Arguments in favor of Constitutional change begin with the fact that term limits have proven themselves at State and local levels, bringing new perspectives and encouraging those with fresh ideas to run for office (and, if applied to House elections, potentially providing a counterbalance to the Supreme Court’s 2019 holding that gerrymandering is Constitutional).  Federal term limits also would diminish the incentives for wasteful election-related spending that have proliferated in the careerist Congress (especially following the Supreme Court’s 2010 decision validating the solicitation and receipt of unlimited campaign contributions). There are, however, strong arguments against term limits. They include that term limits would take voting power away from voters (they would be “undemocratic”), decrease the already-small pool of professional Federal legislators, limit incentives for gaining policy expertise, “term out” influential lawmakers, and increase (rather than decrease) lobbyists’ influence by creating a for-hire revolving door.

Perhaps.

However, a significant benefit to Congressional term limits is that they would offset incumbent financial and media advantages – including members’ expense accounts, staff allotments, and free mail services, the aggregate value of which dwarfs the average challenger’s campaign war chest –, as well as the name recognition, media access, and embedded political contributions that flow to incumbency. With those advantages, it’s a wonder that challengers unseat incumbents even as infrequently as they do. The further objection to the Constitutional adoption of Congressional term limits – that they would place Federal legislation in the hands of lobbyists, bureaucrats, and unelected Beltway insiders – already is the case. Members of Congress have been so busy electioneering that they have left the difficult drafting and negotiation tasks to their staffs, all-too-often relying on templates provided by their partisan financial supporters, a practice that should change with the reduced need for re-electioneering and a potentially greater emphasis on ideas, execution and legacy.

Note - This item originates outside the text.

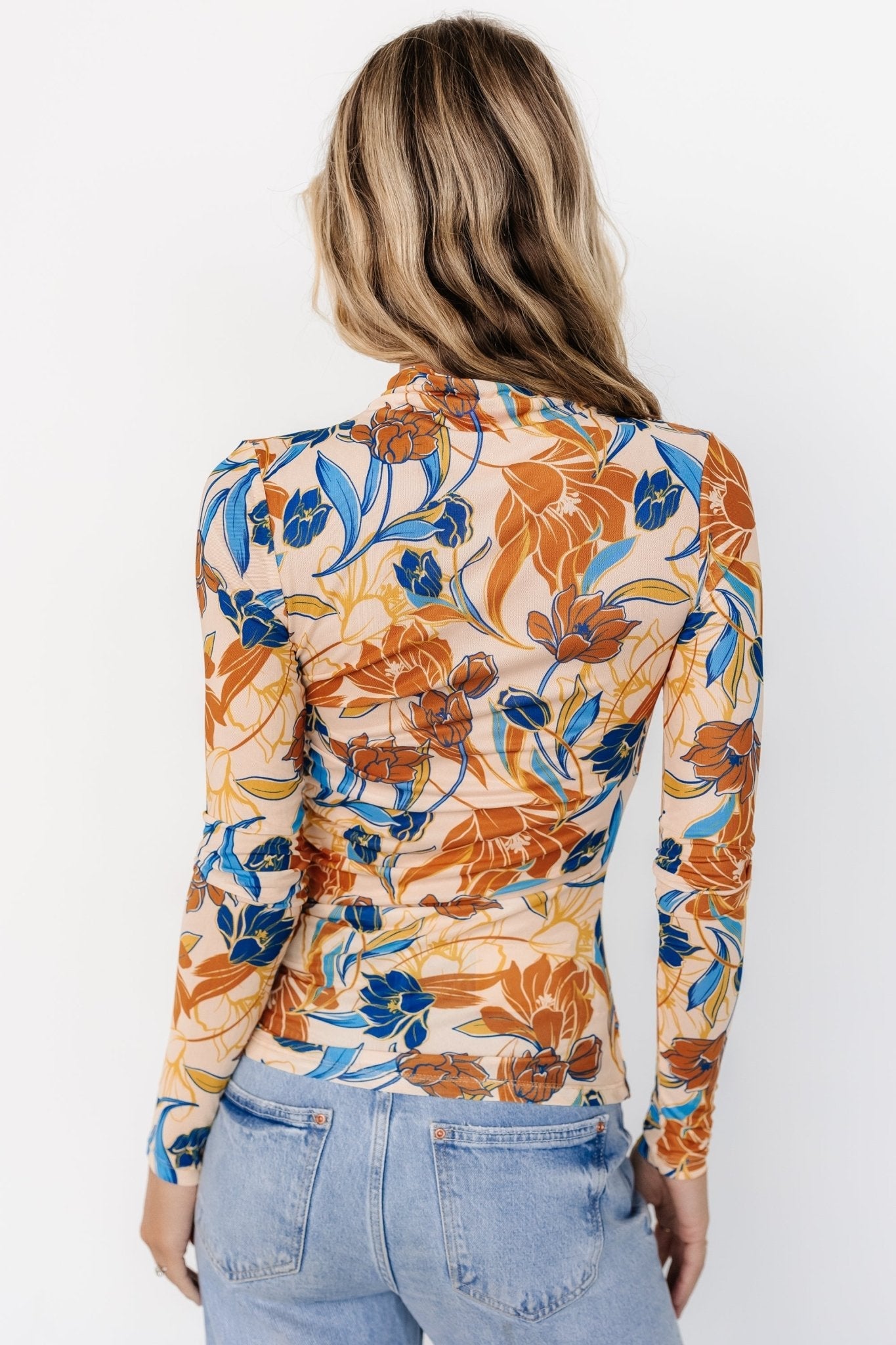 • Taupe base with blue, yellow, and orange floral print
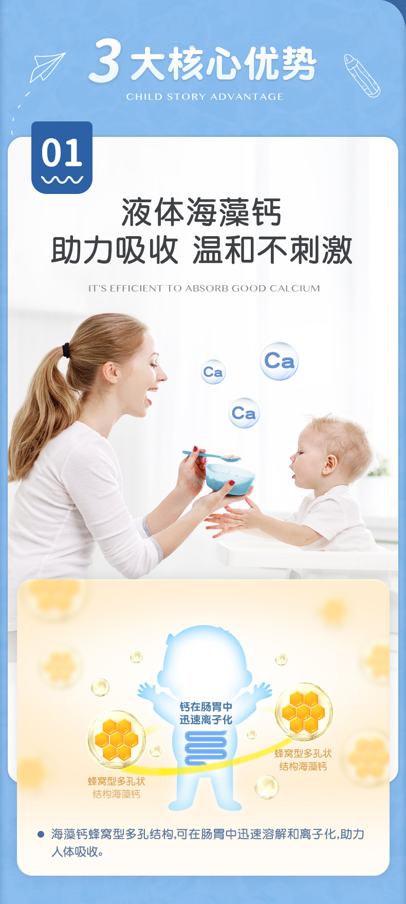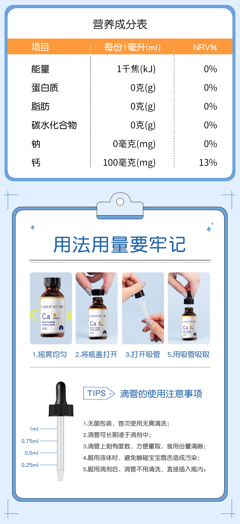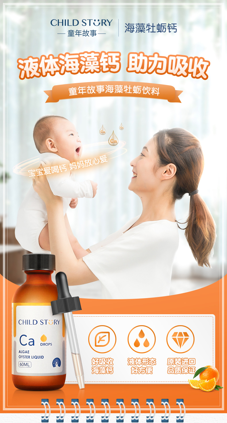 童年故事海藻牡蛎饮料钙滴剂儿童成长钙液体乳钙成人儿童补钙60ml

Congress most certainly boasts a number of excellent (as well as many mediocre) lawmakers who possess a store of knowledge honed by years of legislative experience. It would be a shame to wantonly dispense with that knowledge. However, that is unlikely to happen if term limits are adopted since termed-out legislators will become valuable resources for their successors, serving in substantially the same roles as senior politicians have served throughout American history. Term limits also would incentivize members of Congress to nurture their successors, in part by providing the type of apprenticeship experiences that make for practical training in other industries (which is not at all the method employed by members of Congress in the current system).

The time for bipartisan change has come.